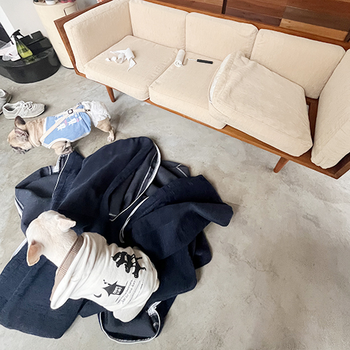 FACTORYのソファーのカバー替え。秋冬は紺、春夏は白に替えています。
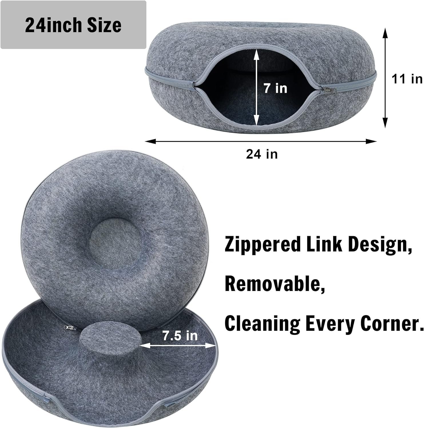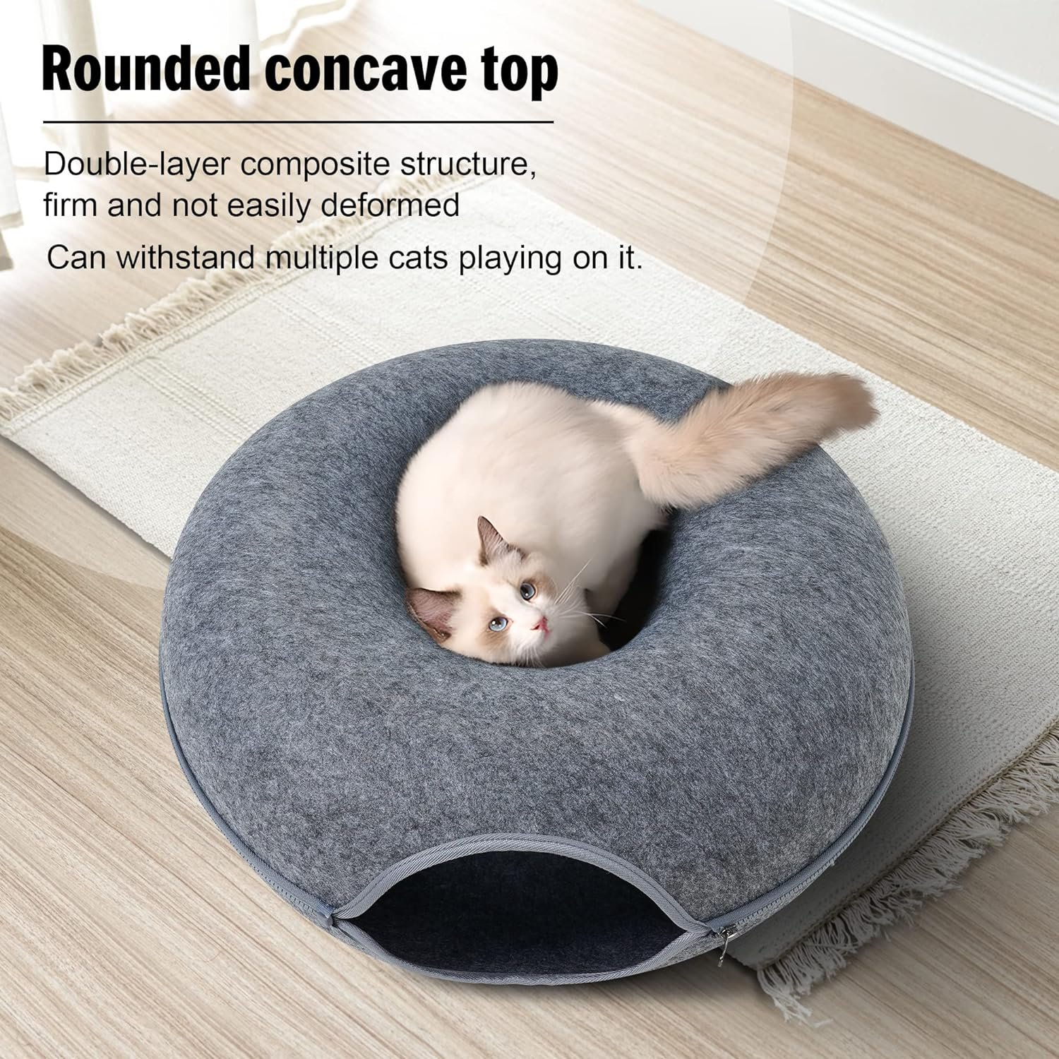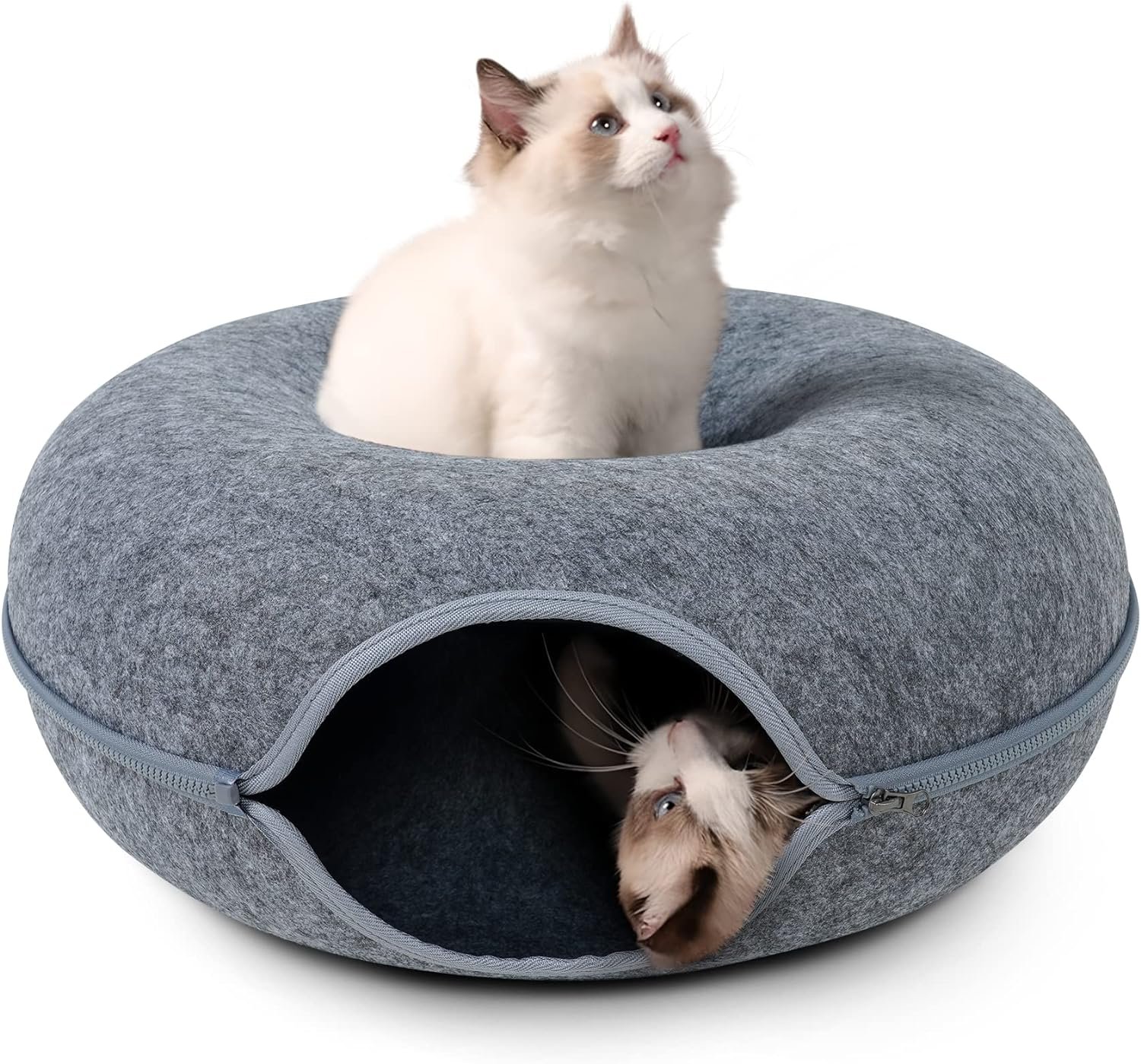 SELECTED FELT MATERIAL – The cat tunnel bed for indoor cats consists of only felt and a zipper, which is strong, scratch-resistant, non-pilling and safe for your furry babies. The cat bed is detachable and washable (not machine washable), and can be used in all seasons.
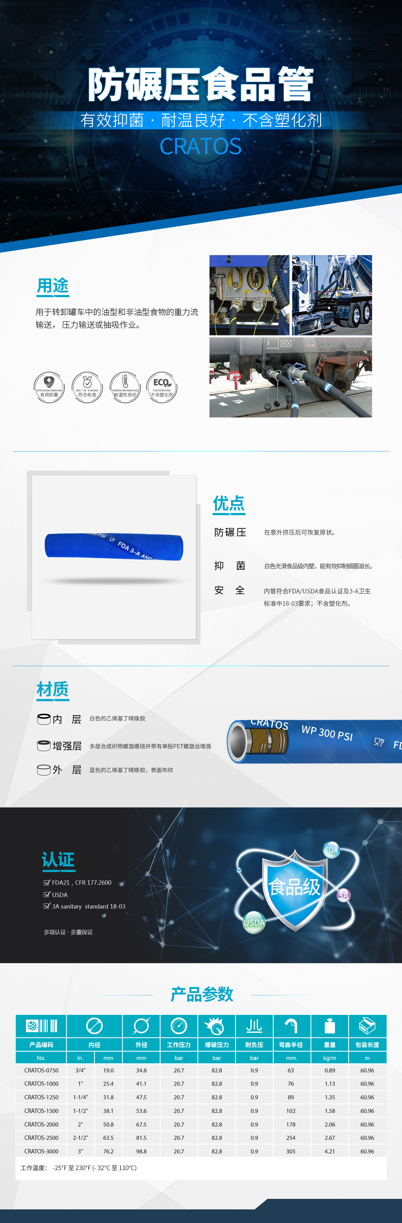 • 柔軟的膠管,具有特殊增強(qiáng)層材料,在意外擠壓后可恢復(fù)原狀,常用于轉(zhuǎn)卸罐車中的油型和非油型食物的重力流輸送,壓力輸送或抽吸作業(yè)。
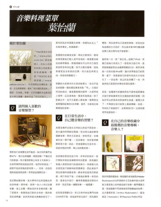 我喜歡的音樂是安靜、單純又簡單的,簡單的東西要能打動人是不容易的。像是霍洛維茲的鋼琴獨奏,那裡頭擁有可以和自己相互對話和思考的位置。我不太聽交響樂,因為那裡面並沒有我的空間,你只能全神貫注地、恭敬地聆聽著它……
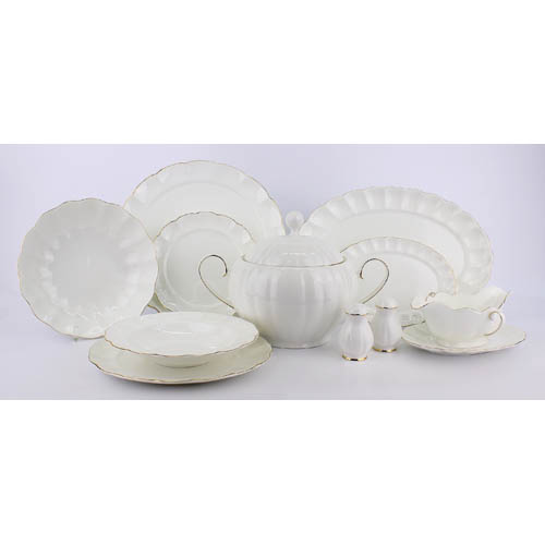 - Состав комплекта:: Супница - 1 шт, Крышка супницы - 1 шт, Тарелка суповая 23 см - 6 шт, Тарелка обеденная 27 см - 6 шт, Тарелка закусочная 21,5 см - 6 шт, Блюдо круглое 32 см - 1 шт, Блюдо овальное 24 см - 1 шт, Блюдо овальное 37 см - 1 шт, Соусник 450 мл – 1 шт, Подставка под соусник 23 см - 1 шт, Салатник круглый 23,5 см - 1 шт, Солонка 0,1 л - 1 шт , Перечница 0,1 л - 1 шт
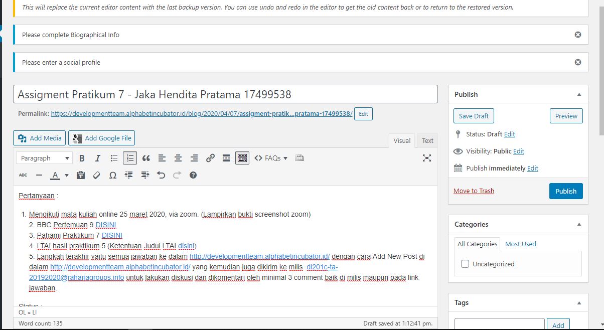 5. Langkah terakhir yaitu semua jawaban ke dalam https://developmentteam.alphabetincubator.id/ dengan cara Add New Post di dalam https://developmentteam.alphabetincubator.id/ yang kemudian juga dikirim ke milis [email protected] untuk lakukan diskusi dan dikomentari oleh minimal 3 comment baik di milis maupun pada link jawaban.

________________________

EXERCISE REQUIREMENTS:
Word for word, restate the records shown above, minus the pictures.

ANSWER:
 FACTORYのソファーのカバー替え。秋冬は紺、春夏は白に替えています。
 SELECTED FELT MATERIAL – The cat tunnel bed for indoor cats consists of only felt and a zipper, which is strong, scratch-resistant, non-pilling and safe for your furry babies. The cat bed is detachable and washable (not machine washable), and can be used in all seasons.
 • 柔軟的膠管,具有特殊增強(qiáng)層材料,在意外擠壓后可恢復(fù)原狀,常用于轉(zhuǎn)卸罐車中的油型和非油型食物的重力流輸送,壓力輸送或抽吸作業(yè)。
 我喜歡的音樂是安靜、單純又簡單的,簡單的東西要能打動人是不容易的。像是霍洛維茲的鋼琴獨奏,那裡頭擁有可以和自己相互對話和思考的位置。我不太聽交響樂,因為那裡面並沒有我的空間,你只能全神貫注地、恭敬地聆聽著它……
 - Состав комплекта:: Супница - 1 шт, Крышка супницы - 1 шт, Тарелка суповая 23 см - 6 шт, Тарелка обеденная 27 см - 6 шт, Тарелка закусочная 21,5 см - 6 шт, Блюдо круглое 32 см - 1 шт, Блюдо овальное 24 см - 1 шт, Блюдо овальное 37 см - 1 шт, Соусник 450 мл – 1 шт, Подставка под соусник 23 см - 1 шт, Салатник круглый 23,5 см - 1 шт, Солонка 0,1 л - 1 шт , Перечница 0,1 л - 1 шт
 5. Langkah terakhir yaitu semua jawaban ke dalam https://developmentteam.alphabetincubator.id/ dengan cara Add New Post di dalam https://developmentteam.alphabetincubator.id/ yang kemudian juga dikirim ke milis [email protected] untuk lakukan diskusi dan dikomentari oleh minimal 3 comment baik di milis maupun pada link jawaban.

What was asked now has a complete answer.